Saturday, September 12, 2009

A Different Day

She can't remember how long she was staring at the door. The white washed wood with traces of age and old graffiti is opening to her, beckoning her to come in. But she feels like there were stones on her feet. She looked around the façade of the old house. How long has it been? Seven? Nine? No, it’s more than a decade. But everything was coming back like it happened yesterday.

“Tomorrow will be a different day,” her father told her. He was looking at the newly-painted white door. He painted it yesterday. “Tomorrow we will be standing in the waterfront waiting for a ship that would take us to Manila,” her father continued. “You do not have enough time to say goodbye to friends or to your nanay.”

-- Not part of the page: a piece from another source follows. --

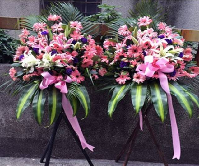 三脚架开业花篮2个(每个花篮40朵红玫瑰10朵百合)如图 |
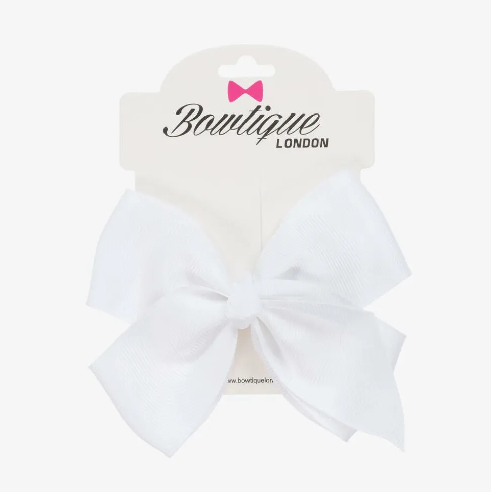 A white hair clip for girls by Bowtique London, lovely to accessorise an outfit. The bow is handmade in delicate grosgrain ribbon and set on a slide-in metal clip.

She wanted to say goodbye to nanay. In the middle of the night she silently climbed the window and visited the cemetery. She was whispering to her mother’s tombstone, a whisper as soft as the wind touching her hair. “Nanay, tomorrow is a different day. We will be in the waterfront waiting for a ship. Nanay, can you come with us?” She was whispering so low that the wings of fluttering night birds can be heard clearly. She was waiting for a reply but none came. After a moment, she decided to stand up and go home. She kissed the ice-cold tombstone before running home.

She slipped into the window and under her thin blanket. She looked over her father’s profile. He was still snoring. She smiled secretly and thanked her stars for watching over her.

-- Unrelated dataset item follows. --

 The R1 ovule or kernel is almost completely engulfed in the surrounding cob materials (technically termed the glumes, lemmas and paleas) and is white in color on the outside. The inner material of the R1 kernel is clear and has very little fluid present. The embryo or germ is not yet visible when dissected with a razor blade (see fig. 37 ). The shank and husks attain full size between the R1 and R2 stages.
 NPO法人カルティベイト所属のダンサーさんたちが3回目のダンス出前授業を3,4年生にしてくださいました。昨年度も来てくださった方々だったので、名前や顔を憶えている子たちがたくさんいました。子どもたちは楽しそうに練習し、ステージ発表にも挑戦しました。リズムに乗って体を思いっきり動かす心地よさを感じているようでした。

It was only after a few minutes of closing her eyes when she heard loud banging on their door. There were voices of men outside calling her father’s name. Her father quickly got up and shook her. He looked at her hard, “Hide in the silong. Go through the kitchen. Wait for me. Never leave the silong until I fetch you.” She nodded and quickly went to the kitchen. She lifted the trapdoor under the rice can. Beneath the floors, she fearfully hid behind the rice sacks and stacks of firewood.

She could hear her father opening the white door. She could hear voices but nothing was clear. Her father was angry, so were the voices outside. The chickens behind her clucked, she saw a pair of combat boots walking around. She held her breath. She will not come out until her father comes for her. The muddied combat boots stepped on a cigarette butt before moving on.

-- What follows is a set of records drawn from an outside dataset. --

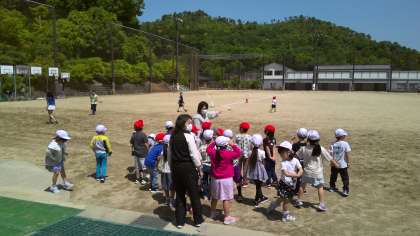 1年生が中間休みに、おにごっこをして楽しんでいました。
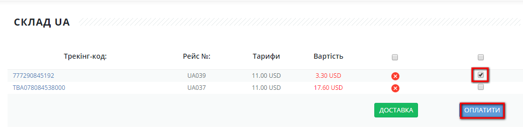 1. По прибуттю посилки на київський склад компанії, оплатіть інвойс за доставку:
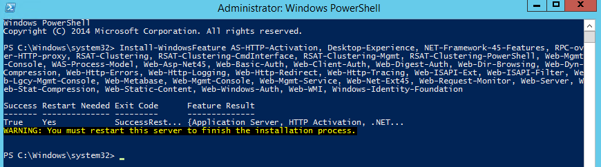 Install-WindowsFeature AS-HTTP-Activation, Desktop-Experience, NET-Framework-45-Features, RPC-over-HTTP-proxy, RSAT-Clustering, RSAT-Clustering-CmdInterface, RSAT-Clustering-Mgmt, RSAT-Clustering-PowerShell, Web-Mgmt-Console, WAS-Process-Model, Web-Asp-Net45, Web-Basic-Auth, Web-Client-Auth, Web-Digest-Auth, Web-Dir-Browsing, Web-Dyn-Compression, Web-Http-Errors, Web-Http-Logging, Web-Http-Redirect, Web-Http-Tracing, Web-ISAPI-Ext, Web-ISAPI-Filter, Web-Lgcy-Mgmt-Console, Web-Metabase, Web-Mgmt-Console, Web-Mgmt-Service, Web-Net-Ext45, Web-Request-Monitor, Web-Server, Web-Stat-Compression, Web-Static-Content, Web-Windows-Auth, Web-WMI, Windows-Identity-Foundation
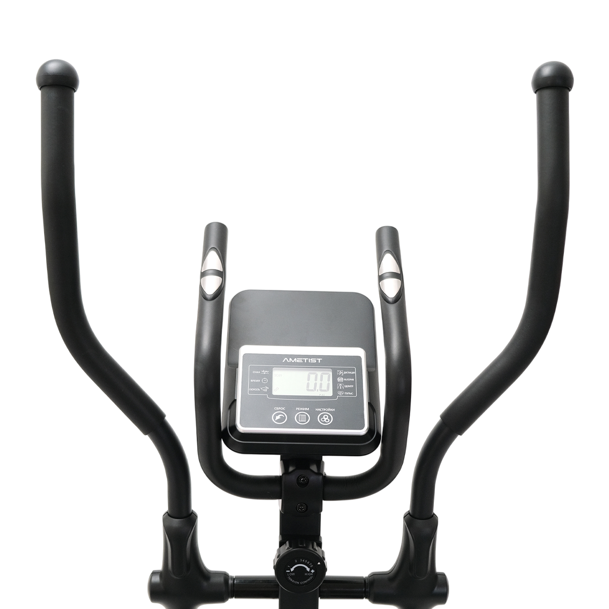 Эллиптический тренажер AMETIST Elbrus — это домашний кардиотренажер, созданный для эффективных и безопасных тренировок. Его основная цель — мягкое сжигание калорий, укрепление мышц, ускорение метаболизма и поддержка сердечно-сосудистой системы.

She heard her father’s voice again, now she could hear clearly. “That’s not true and I am not going with you.” She heard something falling, maybe a picture frame. Then she heard a loud bang. Another bang. A moan. Heavy feet leaving. A moan. Then, silence.

She was still huddled behind the rice sacks a few hours later. A neighbor found her there when the chickens would not stop clucking. She refused to come out. “My tatay will come. I promised tatay I will not go out until he comes for me.” It took three men to remove her grasps from the rice sacks and wood. Police approached her and asked her if she saw anything. She does not know. All she remembered was visiting her mother and the noisy and angry people from last night. "Was it my fault?" she asked the policeman. "I sneaked out of the house last night to visit nanay, " she whispered.

She was standing under the mango tree when she heard. “Such a pity. The father was killed by armed men last night. Nobody knew who killed him,” said her neighbor that owns the store a block away. Another lady whispered, “He should have seen it coming, going against Don Domingo was never a good idea. The Don is a close friend of the military general here." The lady who owns the store whispered back, “I don’t know, it was not just his land he’s fighting for, you know. I heard that they were suppose to go to Manila today to bring the farming land problem to a government department there. He was fighting for the rest of us.”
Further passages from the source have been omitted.